Here is a picture of very early signs of calcium deficiency in Vallisneria. Note the little waves in the leaves marked with arrows. As the deficiency gets worse, the waviness of the leaves gets more pronounced until they look as though they got jammed into a small space as they tried to lengthen. White streaks appear and the leaves are much shorter and highly crinkled. Then the leaves get mostly white and very distorted, Then the growth region (meristem) dies. See the picture


----------



## BigFoot (Jan 3, 2005)

I have been here before except that i wasn't short on Ca. So what causes it when your not short on Ca?


----------



## HeyPK (Jan 23, 2004)

Adding calcium to the water column (by adding some lime) sped up the growth a lot and reduced the waviness in the new growth. The waviness was not totally eliminated, however. This particular variety of Vallisneria came from a river that has a lot of snails. Very likely, the river bed substrate the plants grow in is full of snail shells. It may be that the best way to get calcium to these plants would be to have it in the substrate.

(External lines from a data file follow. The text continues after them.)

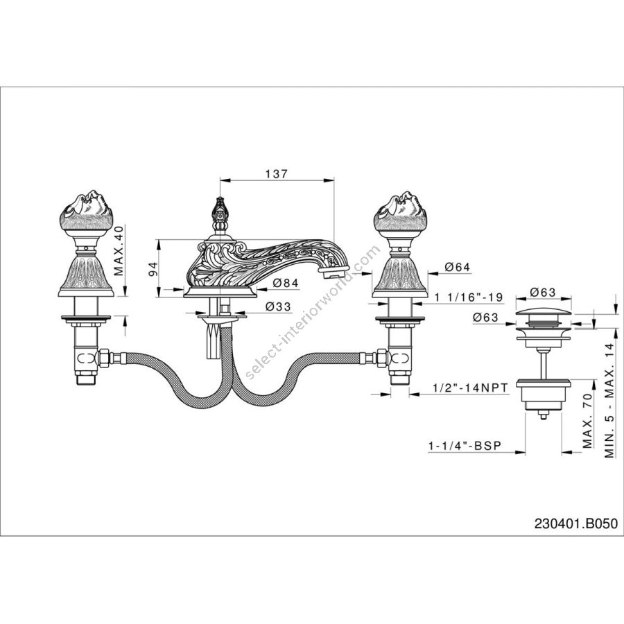 - Bronces Mestre / Waschtisch-Armaturen / Drei-Loch-Waschtischgarnitur mit Klick-Klack-Ablaufgarnitur 230401.B050.50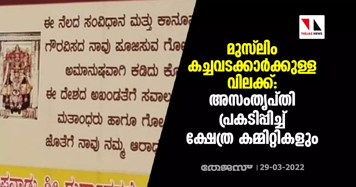 മുസ്ലിം കച്ചവടക്കാര്ക്കുള്ള വിലക്ക്: അസംതൃപ്തി പ്രകടിപ്പിച്ച് ക്ഷേത്ര കമ്മിറ്റികളും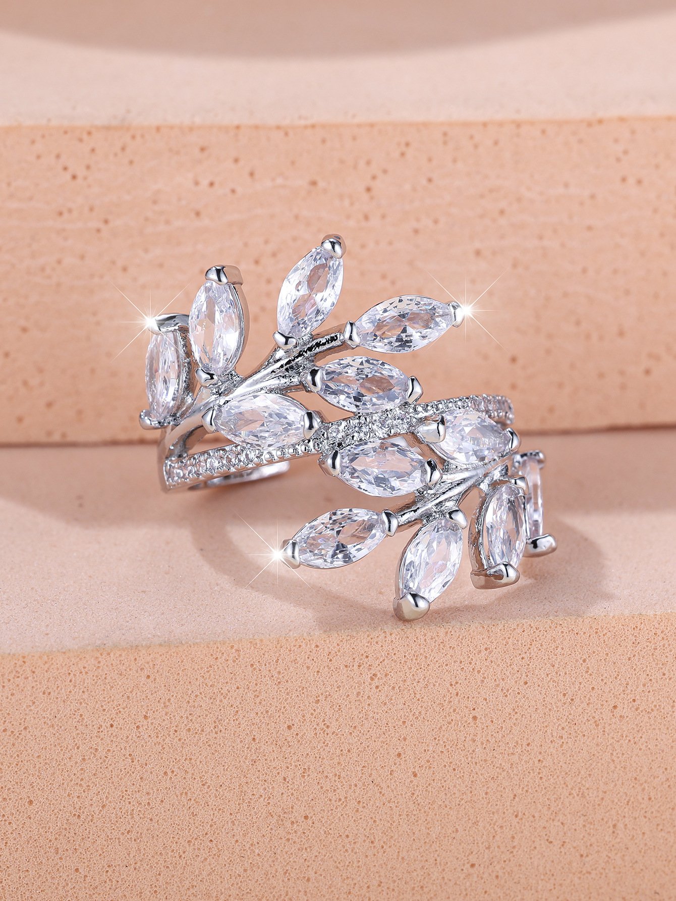 Embossed Feather Ring Female Fashion Exquisite Ring Inlaid Yellow Zircon Style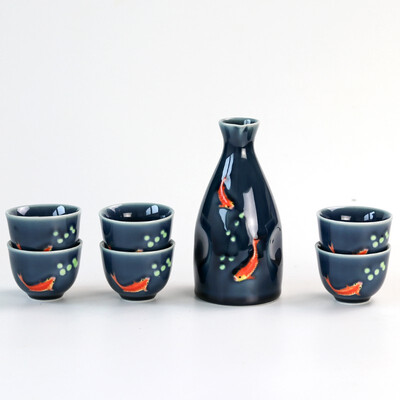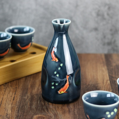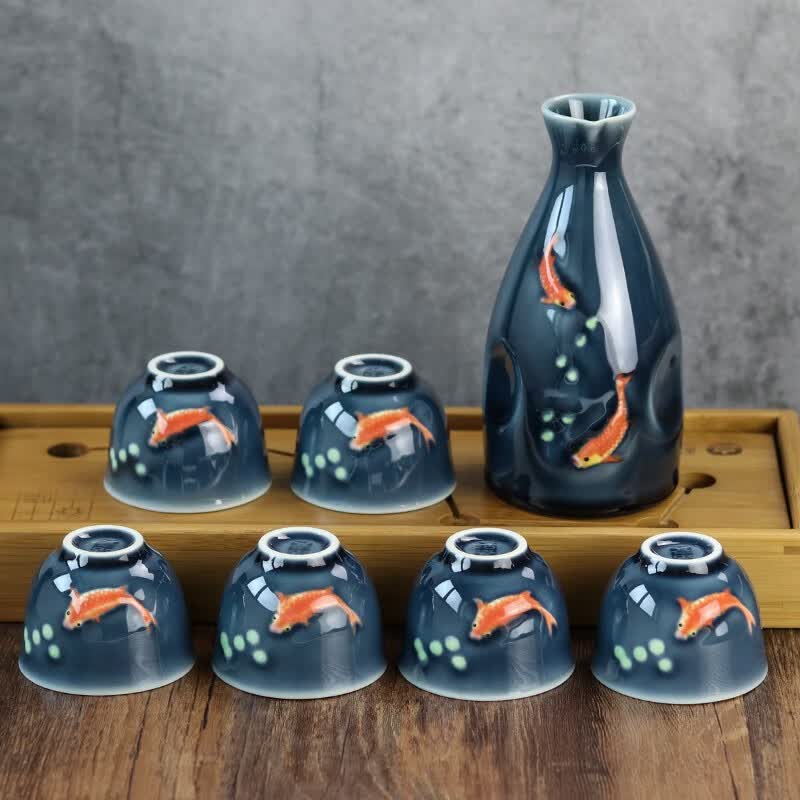 乾唐轩 双鱼酒器 宝石蓝+手工彩釉 壶230ml 杯50ml (1壶6杯)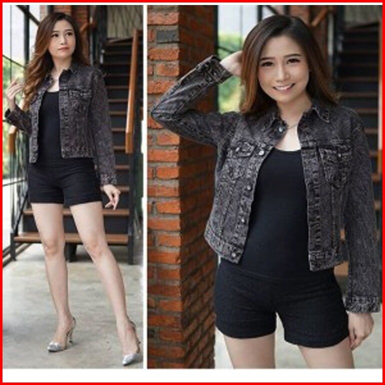 Jaket Wanita Jaket Jeans Snow Black Cropty Murah Terlaris - Colombusana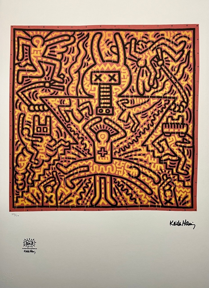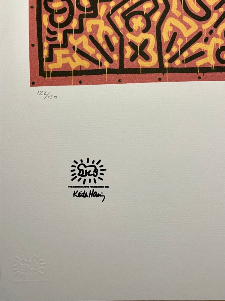 Lithografie "Zonder titel" Plaat met de hand gesigneerd en genummerd Gelimiteerde oplage van 150 stuks Elk stuk is individueel genummerd #122/150 Totale afmetingen: 50 cm x 70 cm Droogstempel Keith Haring Foundation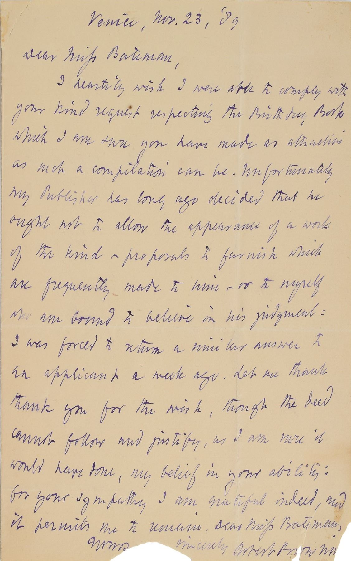 ALS signed “Robert Brownin[g],” one page, 4.25 x 7, November 23, 1889. Letter to Miss Bateman, in part: "I heartily wish I were able to comply with your kind request respecting the Birthday Book which I am sure you have made as attractive as such a compilation can be. Unfortunately my publisher has long ago decided that he ought not to allow the appearance of a work of the kind—proposals to furnish which are frequently made to him—or to myself who am bound to believe in his judgment." In very good to fine condition, with trimmed edges, a tear through the last name, and paper loss to the bottom edge and corner affecting the signature. Accompanied by an ALS by his son, Robert Barrett Browning, dated January 16, 1890, in part: "I hope you will let me thank you, however tardily, for your most kind letter. All you wrote gave me great pleasure, and I am truly grateful for your sympathy." Robert Browning had passed away on December 12, 1889.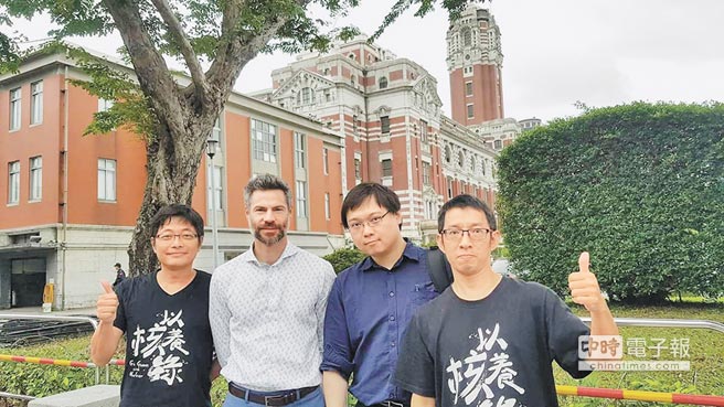 “气候先锋者联盟”成员,左起黄其君、沙伦博格、黄士修、杨家法。(图片来源:台湾《中国时报》)
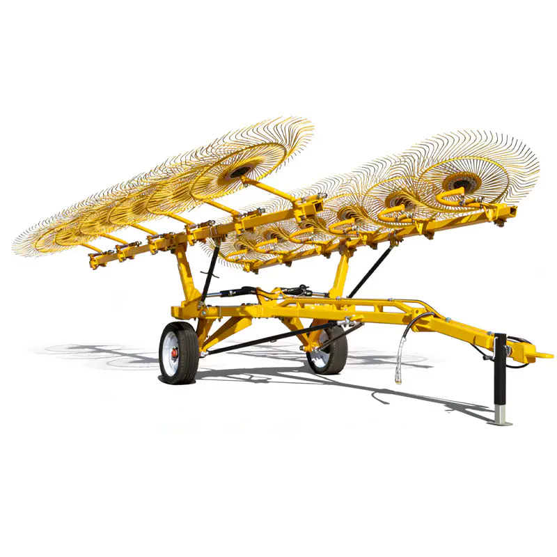 Le 9LZ-6.0 Trailed Finger Wheel Hay Rake (12-Wheel Configuration) is an indispensable engineering asset for modern commercial crop aggregation. Purpose-built as a high-capacity trailing implement, this industrial-grade Râteau agricole is meticulously calibrated to manage large volumes of post-harvest forage, delicate legumes, and dense crop residues. Diverging from high-friction, maintenance-heavy rotary architectures, this highly intelligent finger wheel system harnesses the forward kinetic energy of the towing tractor to initiate its rotational gathering mechanics. It excels at consolidating cut, sun-cured forage or rigid agricultural straw into continuous, aerated windrows. Furthermore, its geometrical flexibility allows it to perform essential tedding operations—turning the crop to drastically accelerate the solar curing process.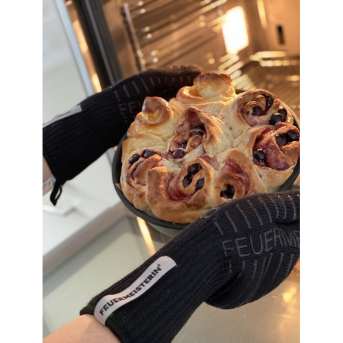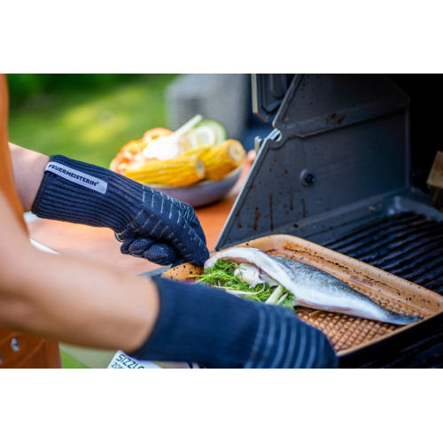 Kevlarové grilovací rukavice BBQ Premium představují již druhou generaci produktů značky FEUERMEISTER®. Tepluodolná rukavice se vyznačuje kvalitním zpracováním a dvojím bezešvým pletením. Vnější prodyšná část rukavice je vyrobena z černých žáruvzdorných aramidových vláken Nomex. Pro maximální komfort je vnitřní část rukavice vyrobena z vlny (80%) a polyesteru (20%). Pro jistý a neklouzající úchop je rukavice na obou stranách opatřena aplikací z velmi kvalitního žáruvzdorného silikonu s vyobrazením loga výrobce ve střední části a výraznou nášivkou FEUERMEISTER® coby pečetí kvality. Oboustranná aplikace silikonu poskytuje možnost použití rukavice na pravé i levé ruce. Ani přes opakované použití a praní rukavice neztratí nic ze svého tvaru a dlouhodobé trvanlivosti. Rukavice je dostatečně dlouhá, aby ochránila předloktí před žárem a poletujícími jiskrami. Tyto pracovní kevlarové rukavice najdou uplatnění všude, kde je zapotřebí manipulovat s horkými předměty či materiálem nebo se pohybovat poblíž zdroje tepla.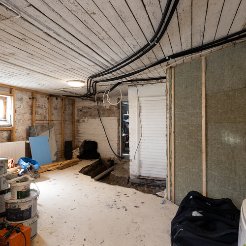 Kellarikerroksessa: asennettu uusi viemäriputki teknistä tilaa kohti (tulevaisuuden saunasuunnitelmia ajatellen), tehty sähkö- ja valoasennuksia.

What I should try is to grow some in a soil substrate to which some ground up egg shells have been added. Maybe the plants really get calcium the best with their roots.


----------



## HeyPK (Jan 23, 2004)

Here is a picture taken 14 days after the first picture. The calcium was added to the tank about 10 days ago. The Vallisneria has responded to the calcium and grown very rapidly and is now producing long leaves. In a few plants, there is still a little waviness, but most plants look fine. The Sagittaria has grown a lot, too. See the picture See earlier picture (two weeks ago)


----------



## BigFoot (Jan 3, 2005)

How high is your calcium now? I got 50 ppms and mine are showing signs like yours and also turning red.


----------



## HeyPK (Jan 23, 2004)

I will do a calcium test tomorrow and get back to you. With these vals, it seems that they need a lot.


----------



## BigFoot (Jan 3, 2005)

What happen to the test?


----------



## HeyPK (Jan 23, 2004)

My calcium level is 125 ppm expressed as CaCO3. I used the LaMotte hardness test kit, which is able to test for just calcium or for total hardness, which is calcium plus magnesium. This is after I added the lime. I should have done a calcium test before. The Vallisneria looks pretty good now, and it is growing very rapidly.


----------



## BigFoot (Jan 3, 2005)

My Vals shows signs at 50 ppm i am starting to add Ca slowly. I ll post when they stop showing.


----------